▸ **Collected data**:
__________
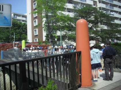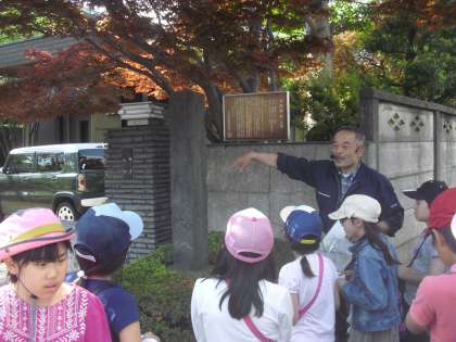 この日は、6年1組が古地名めぐりをしました。社会科の学習の一環として行っているこの活動は、毎年「上祖師谷郷土研究会」の方々のご協力で行っているものです。
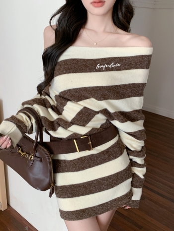 【Z828257】條紋不規則刺繡字母斜肩兩穿長袖上衣
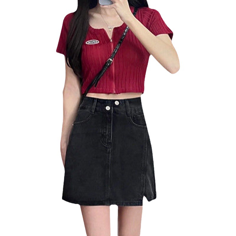 夏季温柔系穿搭女新款辣妹纯欲风红色短款上衣半身裙两件套装
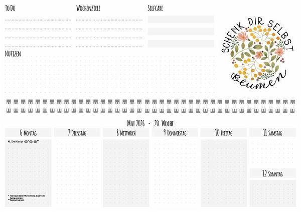 Format: 29,8 x 10,5 cm; umweltfreundliches FSC PapierJede Woche auf einer Doppelseite mit Listen für wöchentliche To-dos und Prioritäten sowie Raum für Notizen und spontane IdeenSchulferien und Feiertage (D,A,CH) sowie Vorschau für 2027Perfektes Lay-Flat -Verhalten dank Spiralbindung
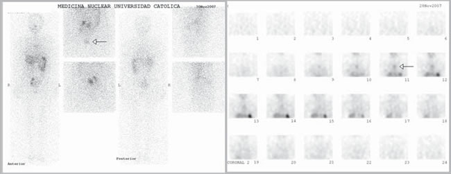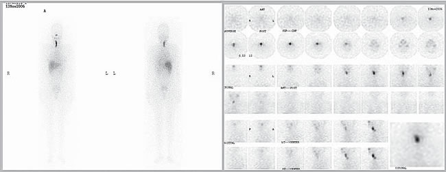Mujer que a los 37 años de edad le fue diagnosticado un cáncer papilar de tiroides. La ecografía tiroidea inicial mostró un nódulo de 13,4 mm de diámetro en lóbulo derecho (LTD), heterogéneo, hipoecogénico, de márgenes irregulares, con microcalcifi caciones, y además, dos nódulos de características benignas en lóbulo izquierdo (LTI) de 5 y 8 mm. La punción aspirativa con aguja fina del nódulo derecho confirmó que se trataba de un carcinoma papilar del tiroides. Se efectuó tiroidectomía total; el estudio histológico describió cáncer papilar del tiroides, multifocal (un foco en LTD de 12 mm y 2 focos en LTI de 10 y 3 mm), variedad folicular, infiltrante hasta la cápsula en ambos lóbulos, con extensión al tejido adiposo peritiroideo y permeación vascular. Además, cuatro de diez ganglios del grupo VI izquierdo presentaban compromiso metastásico tumoral. Post cirugía recibió 200 mCI de I131; inmediatamente antes de esa dosis terapéutica tenía TSH: 54,2 uUI/mL, tiroglobulina (Tg): 35,4 ng/dL con negatividad de los anticuerpos anti tiroglobulina (Ac antiTg). La exploración sistémica post I131 mostró dos zonas confluentes de captación del radiofármaco alineadas en posición paramediana derecha y baja del cuello y una pequeña zona de menor intensidad en el lecho tiroideo derecho (Figura 1). Estos hallazgos fueron interpretados como metástasis ganglionares del grupo VI y un pequeño remanente tiroideo.
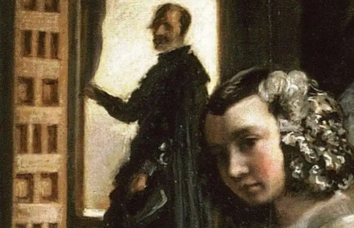 Несмотря на то что Веласкес был придворным художником короля, это был очень смелый шаг — нарисовать самого себя в «Менинах». Слева с кистью в руке изображен сам художник.
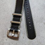 Premium Fabric Watch Strap - Black W/Grey Piping
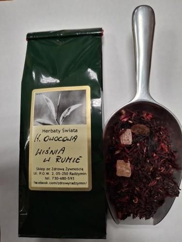 SIKKIM Herbata Owocowa Wiśnie w Rumie 100gHerbata o smaku wiśni w rumie z nutką amaretto. Kompozycję tworzą owoców wiśni, ananasa, owoc czarnego bzu, hibiskus i rodzynki.Kolory opakowania mogą być inne niż na zdjęciu.
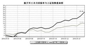 市場表現(xiàn):自7月2日以來,航天軍工行業(yè)漲幅達21.15%,昨日航天軍工股表現(xiàn)可圈可點,漲幅位居第一位。據(jù)《證券日報》與WIND數(shù)據(jù)統(tǒng)計顯示,航天軍工類股有79只,其中,3只停牌的股票。7月2日以來個股表現(xiàn)良好,漲幅超過20%的股票就有33只,占總數(shù)的43%,超過10%的股票有65只,占總數(shù)的86%,在這期間,沒有下跌的股票,漲幅超過30%的股票有10只,包括成飛集成、博云新材、航天機電、航天長峰、中航重機、中國嘉陵、成發(fā)科技、晉西車軸、洪都航空、天興儀表等個股。
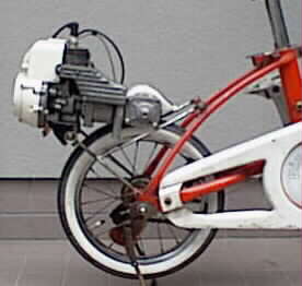 エンジンは専用ステーの先、クランクケース下方辺りを軸に前後に可動します。
__________
▸ **Work to complete**: Could you write out exactly the lines running from the one with "Premium Fabric Watch" through the last line of the data above, both ends kept, and omit any picture?

▸ **Exercise output**:
 Premium Fabric Watch Strap - Black W/Grey Piping
 SIKKIM Herbata Owocowa Wiśnie w Rumie 100gHerbata o smaku wiśni w rumie z nutką amaretto. Kompozycję tworzą owoców wiśni, ananasa, owoc czarnego bzu, hibiskus i rodzynki.Kolory opakowania mogą być inne niż na zdjęciu.
 市場表現(xiàn):自7月2日以來,航天軍工行業(yè)漲幅達21.15%,昨日航天軍工股表現(xiàn)可圈可點,漲幅位居第一位。據(jù)《證券日報》與WIND數(shù)據(jù)統(tǒng)計顯示,航天軍工類股有79只,其中,3只停牌的股票。7月2日以來個股表現(xiàn)良好,漲幅超過20%的股票就有33只,占總數(shù)的43%,超過10%的股票有65只,占總數(shù)的86%,在這期間,沒有下跌的股票,漲幅超過30%的股票有10只,包括成飛集成、博云新材、航天機電、航天長峰、中航重機、中國嘉陵、成發(fā)科技、晉西車軸、洪都航空、天興儀表等個股。
 エンジンは専用ステーの先、クランクケース下方辺りを軸に前後に可動します。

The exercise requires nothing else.